Material shown:
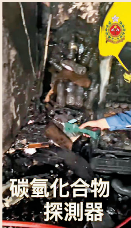
◆消防專責組出動高科技儀器進入火場搜集環境數據。
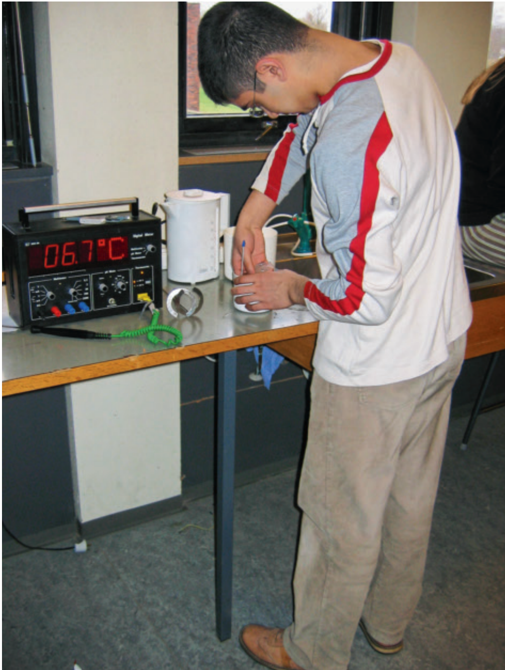
Figur 2. En afkølet væske opvarmes til stuetemperatur. Data fra fysikeksperimentet anvendes efterfølgende til at introducere funktionsklassen y = b(1 - a)^x .
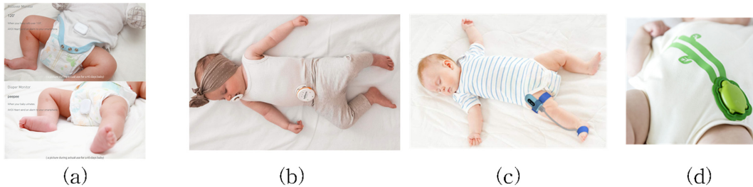
Fig. 2. Attachment methods of wearable monitor; (a) accessories, up: clip, down: velcro, M1, www.akois.net , (b) accessories-clip, M3, https://www.mylevana.com , (c) accessories-band, M8, https://getwellue.com , (d) clothes, M13, https://www.amazon.com .
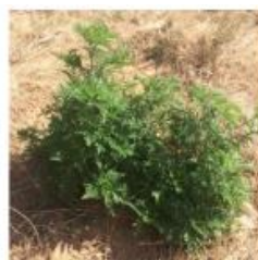
Stade végétatif Mai-Juillet
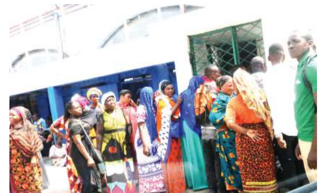
Baadhi ya wananchi wa jijini Dar es Salaam wakiwa kwenye Uwanja wa Maonyesho ya Kimataifa ya Biashara kufuatilia majina yao ya kuruhusiwa kufanyakazi na biashara ndogo kwenye uwanja huo jana.
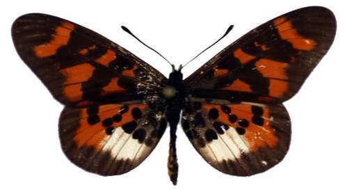
vuilloti, Nguru, Tanzanie MNHN (Cat EB).jpg vuilloti
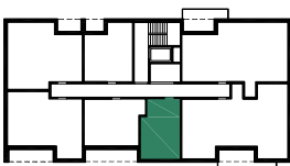
BUDYNEK E (NR 9)
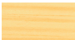
безкольоровий бесцветный / colorless
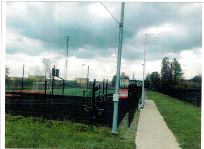
Фото №5 – Прилегающая территория. Спортивная площадка.
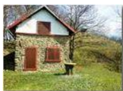
Ritorna la primavera alla casa sul poggio

Pietro Marcheselli - Altro/Other 2015 - Inverno - Savignone - Fiori&Fauna

Task goal: Repeat each entry exactly as given; no pictures belong in the copy.

Result for this task:
◆消防專責組出動高科技儀器進入火場搜集環境數據。
Figur 2. En afkølet væske opvarmes til stuetemperatur. Data fra fysikeksperimentet anvendes efterfølgende til at introducere funktionsklassen y = b(1 - a)^x .
Fig. 2. Attachment methods of wearable monitor; (a) accessories, up: clip, down: velcro, M1, www.akois.net , (b) accessories-clip, M3, https://www.mylevana.com , (c) accessories-band, M8, https://getwellue.com , (d) clothes, M13, https://www.amazon.com .
Stade végétatif Mai-Juillet
Baadhi ya wananchi wa jijini Dar es Salaam wakiwa kwenye Uwanja wa Maonyesho ya Kimataifa ya Biashara kufuatilia majina yao ya kuruhusiwa kufanyakazi na biashara ndogo kwenye uwanja huo jana.
vuilloti, Nguru, Tanzanie MNHN (Cat EB).jpg vuilloti
BUDYNEK E (NR 9)
безкольоровий бесцветный / colorless
Фото №5 – Прилегающая территория. Спортивная площадка.
Ritorna la primavera alla casa sul poggio

Pietro Marcheselli - Altro/Other 2015 - Inverno - Savignone - Fiori&Fauna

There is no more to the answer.